- **Records shown**:
⁂

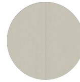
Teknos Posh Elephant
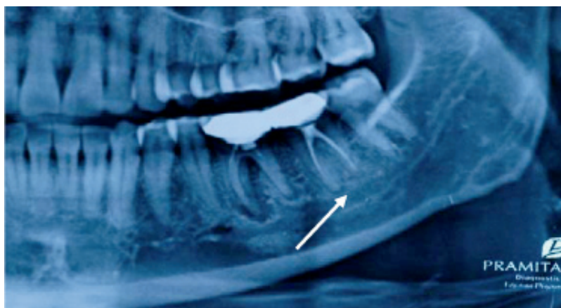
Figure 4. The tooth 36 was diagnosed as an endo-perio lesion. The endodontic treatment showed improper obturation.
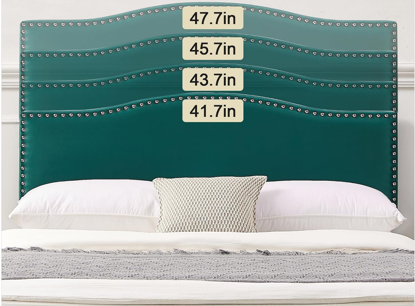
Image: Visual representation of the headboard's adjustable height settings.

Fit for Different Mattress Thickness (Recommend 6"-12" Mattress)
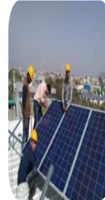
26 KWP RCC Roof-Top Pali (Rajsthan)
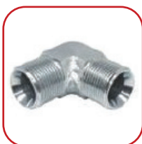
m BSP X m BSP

⁂

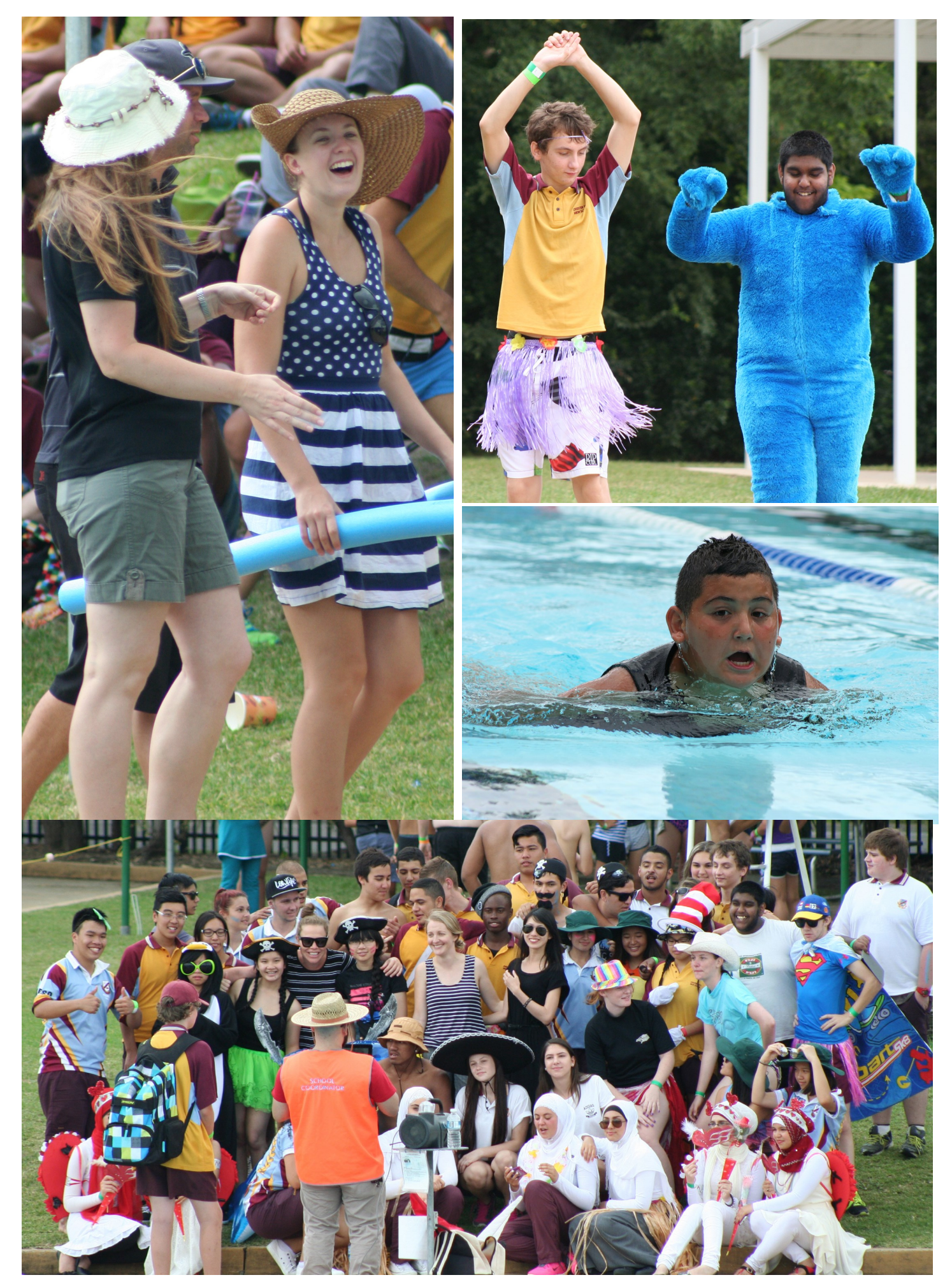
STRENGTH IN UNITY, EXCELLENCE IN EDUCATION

⁂

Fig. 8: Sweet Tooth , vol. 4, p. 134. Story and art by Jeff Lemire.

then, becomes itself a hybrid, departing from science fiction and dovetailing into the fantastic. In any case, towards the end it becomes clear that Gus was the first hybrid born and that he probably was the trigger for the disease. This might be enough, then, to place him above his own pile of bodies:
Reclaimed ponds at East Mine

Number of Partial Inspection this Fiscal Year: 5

⁂

- **Task**: Output exactly the stretch of the listing that begins at the line containing "Figure 4. The" and ends at the line containing "m BSP X m BSP", both kept. Omit pictures and everything else.

- **Written solution**:
Figure 4. The tooth 36 was diagnosed as an endo-perio lesion. The endodontic treatment showed improper obturation.
Image: Visual representation of the headboard's adjustable height settings.

Fit for Different Mattress Thickness (Recommend 6"-12" Mattress)
26 KWP RCC Roof-Top Pali (Rajsthan)
m BSP X m BSP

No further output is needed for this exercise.